Enabling Router Advertisements

To enable dynamic address assignments (SLAAC) for the clients behind it, we also need to enable router advertisements on this interface. The other-stateful-configuration command will add the O-Flag to the advertisements, so we can later add the additional DNS information via DHCPv6.

{master:0}[edit protocols router-advertisement interface vlan.201]
admin@NPSWC01# show
other-stateful-configuration;
prefix 2a02:1234:420a:10c9::/64;
}

After committing, the client has assigned itself an IPv6 based on the received router advertisements.

Ethernet adapter Ethernet:

   Connection-specific DNS Suffix  . : ***-networks.local
   IPv6 Address. . . . . . . . . . . : 2a02:1234:420a:10c9:b1d1:660c:ac69:c5f8
   Temporary IPv6 Address. . . . . . : 2a02:1234:420a:10c9:3c71:b6f2:e93f:67ab
   Link-local IPv6 Address . . . . . : fe80::b1d1:660c:ac69:c5f8%6
   IPv4 Address. . . . . . . . . . . : 10.255.1.13
   Subnet Mask . . . . . . . . . . . : 255.255.255.128
   Default Gateway . . . . . . . . . : fe80::5e45:27ff:fee7:af81%6
                                       10.255.1.1

The basics are now in place.
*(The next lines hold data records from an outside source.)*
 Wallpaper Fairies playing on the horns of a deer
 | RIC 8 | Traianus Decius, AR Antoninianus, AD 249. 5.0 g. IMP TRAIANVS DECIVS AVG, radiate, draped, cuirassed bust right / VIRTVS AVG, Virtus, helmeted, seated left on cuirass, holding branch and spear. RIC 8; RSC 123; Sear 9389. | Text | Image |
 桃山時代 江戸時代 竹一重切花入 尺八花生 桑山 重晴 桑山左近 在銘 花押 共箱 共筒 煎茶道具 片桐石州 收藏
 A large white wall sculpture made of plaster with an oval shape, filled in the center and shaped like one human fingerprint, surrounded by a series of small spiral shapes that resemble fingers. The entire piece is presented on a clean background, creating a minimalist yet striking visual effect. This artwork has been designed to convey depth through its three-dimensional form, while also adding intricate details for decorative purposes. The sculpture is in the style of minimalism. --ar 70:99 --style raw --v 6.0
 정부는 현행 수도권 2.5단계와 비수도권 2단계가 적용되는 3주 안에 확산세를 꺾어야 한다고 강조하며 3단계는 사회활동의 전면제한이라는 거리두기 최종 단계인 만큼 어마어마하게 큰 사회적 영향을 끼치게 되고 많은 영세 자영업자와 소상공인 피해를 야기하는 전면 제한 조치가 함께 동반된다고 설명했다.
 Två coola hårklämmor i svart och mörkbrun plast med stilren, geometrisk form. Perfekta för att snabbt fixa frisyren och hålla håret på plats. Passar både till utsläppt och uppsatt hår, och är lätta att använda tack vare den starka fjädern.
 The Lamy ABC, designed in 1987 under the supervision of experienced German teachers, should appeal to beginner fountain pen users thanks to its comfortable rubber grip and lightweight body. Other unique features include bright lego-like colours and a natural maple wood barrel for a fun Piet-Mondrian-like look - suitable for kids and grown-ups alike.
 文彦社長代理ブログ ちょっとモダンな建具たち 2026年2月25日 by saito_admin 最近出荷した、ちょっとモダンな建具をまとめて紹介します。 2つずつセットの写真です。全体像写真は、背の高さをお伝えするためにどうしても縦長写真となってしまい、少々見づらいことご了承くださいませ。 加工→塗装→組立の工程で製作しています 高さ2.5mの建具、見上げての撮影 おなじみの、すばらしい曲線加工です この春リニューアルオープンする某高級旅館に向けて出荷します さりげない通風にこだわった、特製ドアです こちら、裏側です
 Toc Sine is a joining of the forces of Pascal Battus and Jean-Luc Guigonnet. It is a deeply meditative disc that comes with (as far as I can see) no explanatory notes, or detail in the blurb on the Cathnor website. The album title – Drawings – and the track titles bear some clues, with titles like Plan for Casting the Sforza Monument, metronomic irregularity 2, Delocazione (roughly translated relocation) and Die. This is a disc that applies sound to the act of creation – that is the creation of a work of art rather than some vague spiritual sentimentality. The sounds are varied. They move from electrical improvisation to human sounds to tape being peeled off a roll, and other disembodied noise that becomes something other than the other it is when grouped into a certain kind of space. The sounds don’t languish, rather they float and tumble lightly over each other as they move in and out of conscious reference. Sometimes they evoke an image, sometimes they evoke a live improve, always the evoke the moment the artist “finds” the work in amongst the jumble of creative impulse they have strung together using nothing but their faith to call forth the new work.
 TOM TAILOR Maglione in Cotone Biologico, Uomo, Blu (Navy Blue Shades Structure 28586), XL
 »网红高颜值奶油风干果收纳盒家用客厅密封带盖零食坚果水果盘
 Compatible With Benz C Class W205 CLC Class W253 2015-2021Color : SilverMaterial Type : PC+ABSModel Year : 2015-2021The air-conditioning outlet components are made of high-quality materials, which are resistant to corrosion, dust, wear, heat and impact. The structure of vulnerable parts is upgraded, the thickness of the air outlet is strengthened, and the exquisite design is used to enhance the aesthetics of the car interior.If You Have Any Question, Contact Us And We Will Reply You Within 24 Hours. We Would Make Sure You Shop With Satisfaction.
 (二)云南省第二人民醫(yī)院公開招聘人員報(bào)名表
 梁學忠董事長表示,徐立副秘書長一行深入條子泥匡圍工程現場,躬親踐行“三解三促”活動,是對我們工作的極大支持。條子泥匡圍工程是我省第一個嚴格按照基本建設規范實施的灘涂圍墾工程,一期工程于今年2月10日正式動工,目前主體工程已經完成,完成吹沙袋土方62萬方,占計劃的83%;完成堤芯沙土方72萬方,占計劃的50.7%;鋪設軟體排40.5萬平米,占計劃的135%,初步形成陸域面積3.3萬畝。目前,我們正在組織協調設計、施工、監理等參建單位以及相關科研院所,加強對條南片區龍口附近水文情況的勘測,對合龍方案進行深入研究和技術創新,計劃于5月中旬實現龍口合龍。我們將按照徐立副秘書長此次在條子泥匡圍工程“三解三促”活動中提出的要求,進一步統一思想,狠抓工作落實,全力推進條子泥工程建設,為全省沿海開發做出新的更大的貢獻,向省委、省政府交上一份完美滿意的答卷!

Now we will add some routing to make this prefix reachable.

Configuring static routes

As mentioned, my EX2200 switches do not support OSPFv3 so static routing is the only option for now…

Note – If you are using link-local addresses as the next-hop, you must use the qualified-next-hop statement with the interface in question.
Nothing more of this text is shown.